According to a study from Washington University, Saint Louis, USA, multilevel posterior cervical fusions can be safely stopped at C7, rather than the upper thoracic spine, without increasing the risk of complications or subsequent fusion extension at short- to mid-term follow-up. Stopping such procedures at C7 did not prompt a loss of cervical lordosis, or cervical sagittal imbalance, calling into question the traditional assumption that long posterior cervical fusions should extend to the upper thoracic spine to prevent transitional degeneration at the cervico-thoracic junction.
The single-centre, retrospective cohort study was presented by David B Bumpass at the 30th Annual Meeting of the North American Spine Society (NASS; 14–17 October, Chicago, USA). Using a single-institution database for three cervical surgeons, the researchers selected 76 patients with degenerative or traumatic etiologies for further investigation. This population was made up of 22 “C7” patients, and 54 “upper thoracic” patients, denoting where their cervical fusion surgeries had been stopped. The participants’ data were compared for patient-reported outcomes (PROs), surgical outcomes and radiographic results.
Surgical outcomes were as expected, with the average estimated blood loss in the C7 group significantly less than in the upper thoracic group. When asked why this may be the case, Bumpass told Spinal News International that this was likely due to the more extensive surgical dissection required by the placement of instrumentation in the thoracic spine. The mean operating time was also lower in this group, but this difference was not found to be significant. There was also no significant difference found between the rate of complications or reoperations between the groups.
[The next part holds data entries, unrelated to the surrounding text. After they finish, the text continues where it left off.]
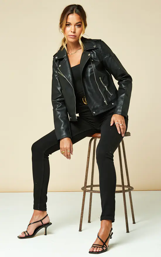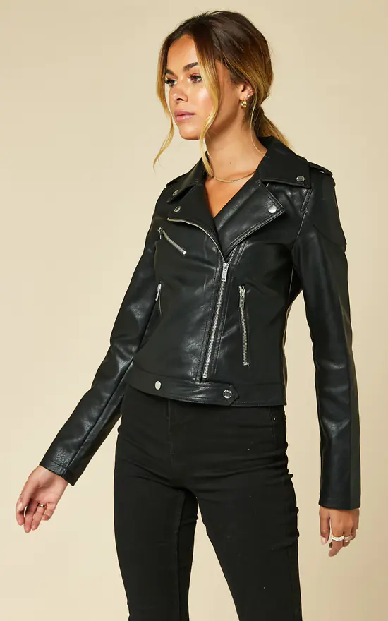 A true wardrobe hero, this leather look biker jacket oozes effortless chic.
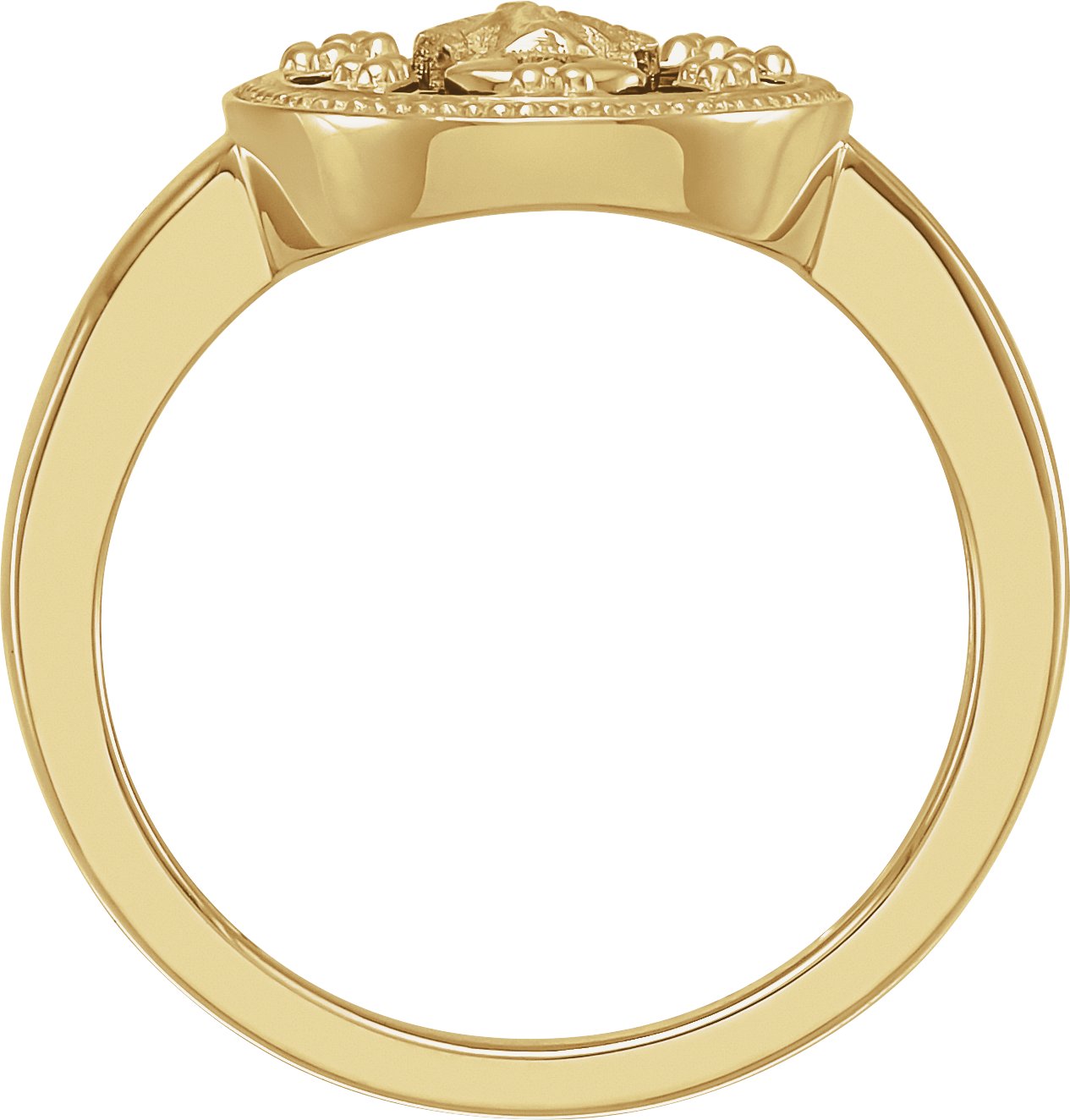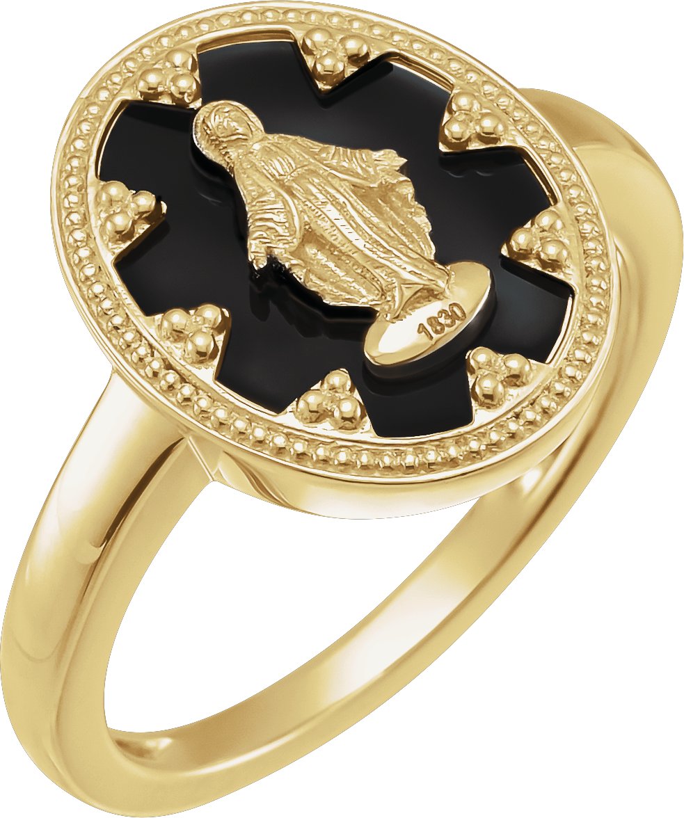 14K Yellow Oval Black Enamel Miraculous Medal Ring
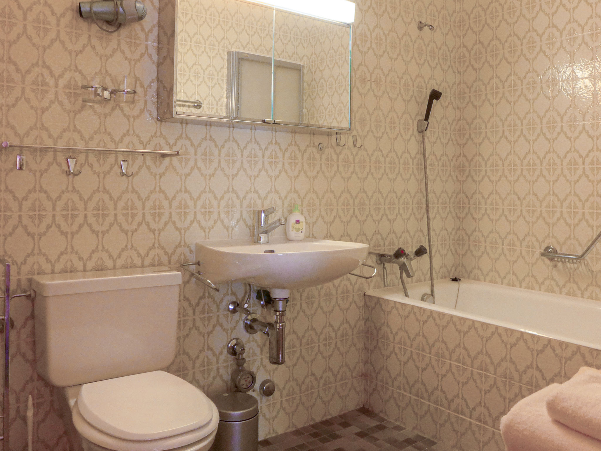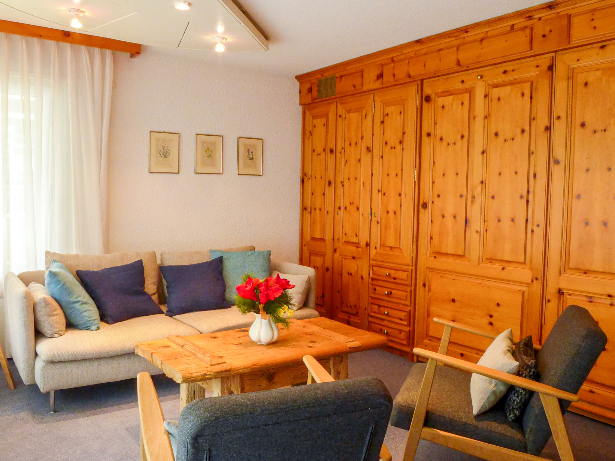 2-Zimmer-Wohnung 60 m2, im Erdgeschoss. Hell, einfach und komfortabel eingerichtet: Wohn-/Schlafzimmer mit 2 Wandschrankbetten (90 cm, Länge 200 cm), Esstisch und TV. Ausgang zum Balkon. 1 Doppelzimmer mit 1 Doppelbett (2 x 90 cm, Länge 200 cm). Kleine Küche (4 Kochplatten, Backofen, Geschirrspüler, Toaster, Wasserkocher, elektrische Kaffeemaschine, Racletteofen, Fondue Set (Chinoise, Käse)). Bad/WC. Balkon. Balkonmöbel. Schöne Sicht auf das Matterhorn. Zur Verfügung: Internet (Wireless LAN, gratis). Bitte beachten: Nichtraucher-Unterkunft.
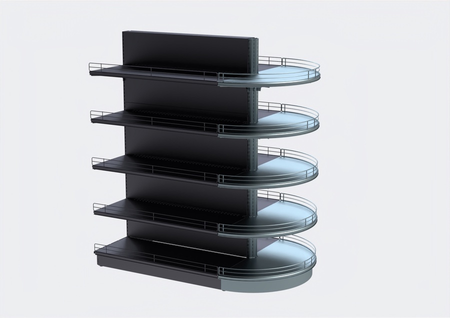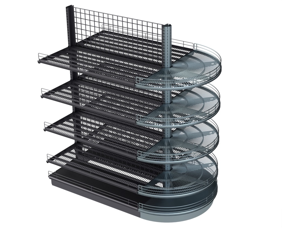 جزيرة عرض بوحدة قفلة نصف دائرية من شركة إيجي تريد لتجهيزات السوبر ماركت والهايبر ماركت
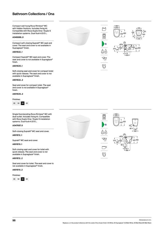 Replace (..) in the product reference with the code of the chosen finish: 00 White, S0 Supraglaze®, 62 Matt White, 08 Matt Black08 Matt Black
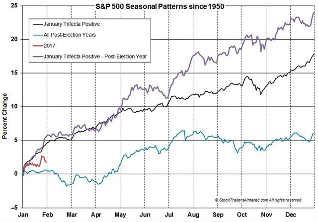 "K naplnění lednové trifekty nedochází příliš často. Naposledy se tak stalo v roce 2013," upozorňuje Ryan Detrick, stratég z LPL Financial. Od roku 1950 se tak ale stalo již pětadvacetkrát. Letos lednová trifekta splněna byla, výkonnost S&P 500 ale byla na začátku roku slabší, takže by index musel v dalších měsících zabrat, aby statistiky vyrovnal.
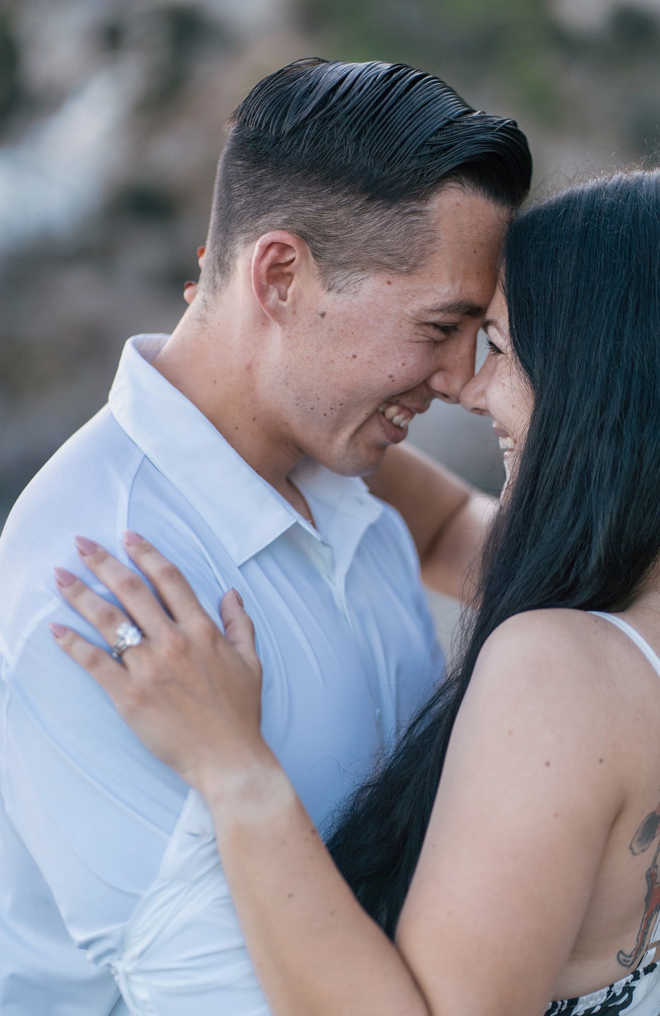 In this session, the proposal happened on a public deck area. With correct positioning and timing, the photos show only the couple, the sea, and the coastline. No distractions.

By comparing the radiographic measurements of C1-2 lordosis, C2-7 lordosis, C2-7 sagittal vertical axis, T1 slope and thoracic inlet angle, the researchers found no significant differences in changes in sagittal alignment radiographic parameters between groups. Too, no differences were found between the progressions of adjacent level degeneration in either of the proximal or distil segments. No significant differences were noted between the groups PROs, which included Neck Disability Index (NDI), modified Japanese Orthopaedic Association myelopathy scores and Visual Analogue Scale (VAS) Neck and Arm.
The team concluded that, at a minimum one-year follow-up, long posterior fusions that stopped at C7 did not have a worse risk for complications, or for subsequent fusion extension, than those which stopped at T1-T4. The shorter stopping point, too, did not increase the likelihood of a patient’s development of cervical sagittal imbalance or cervical lordosis.
As well as by its retrospective design and short patient follow-up interval, the study may have been limited by a potential age bias, according to Bumpass, who told Spinal News International, “Older patients may have been preferentially selected for fusion to the upper thoracic spine because surgeons felt that the likelihood of poor bone quality and the desire to avoid future surgeries merited extension into the upper thoracic spine, a known safe stopping point for these fusions.” In his presentation Bumpass emphasised, too, the need to clarify whether outcomes may be influenced by concomitant anterior fusion, and whether the condition of the C7-T1 disk might play an important role in deciding where to stop fusions.
The researchers, seeking to address the limits of their study design, are initiating a multi-centre prospective study to bolster research into the question of where is best to stop multilevel posterior cervical fusions. Bumpass told Spinal News International, “I think that our results provide an important initial step in answering this question, and we did not see a superiority of stopping in the upper thoracic spine as we thought we might. However, and I want to emphasise this, we have not conclusively proven that stopping fusions at C7 is an equally viable or superior strategy to stopping in the upper thoracic spine. In order to perform a high-quality prospective study, we first needed to analyse our retrospective data to inform our power analysis.”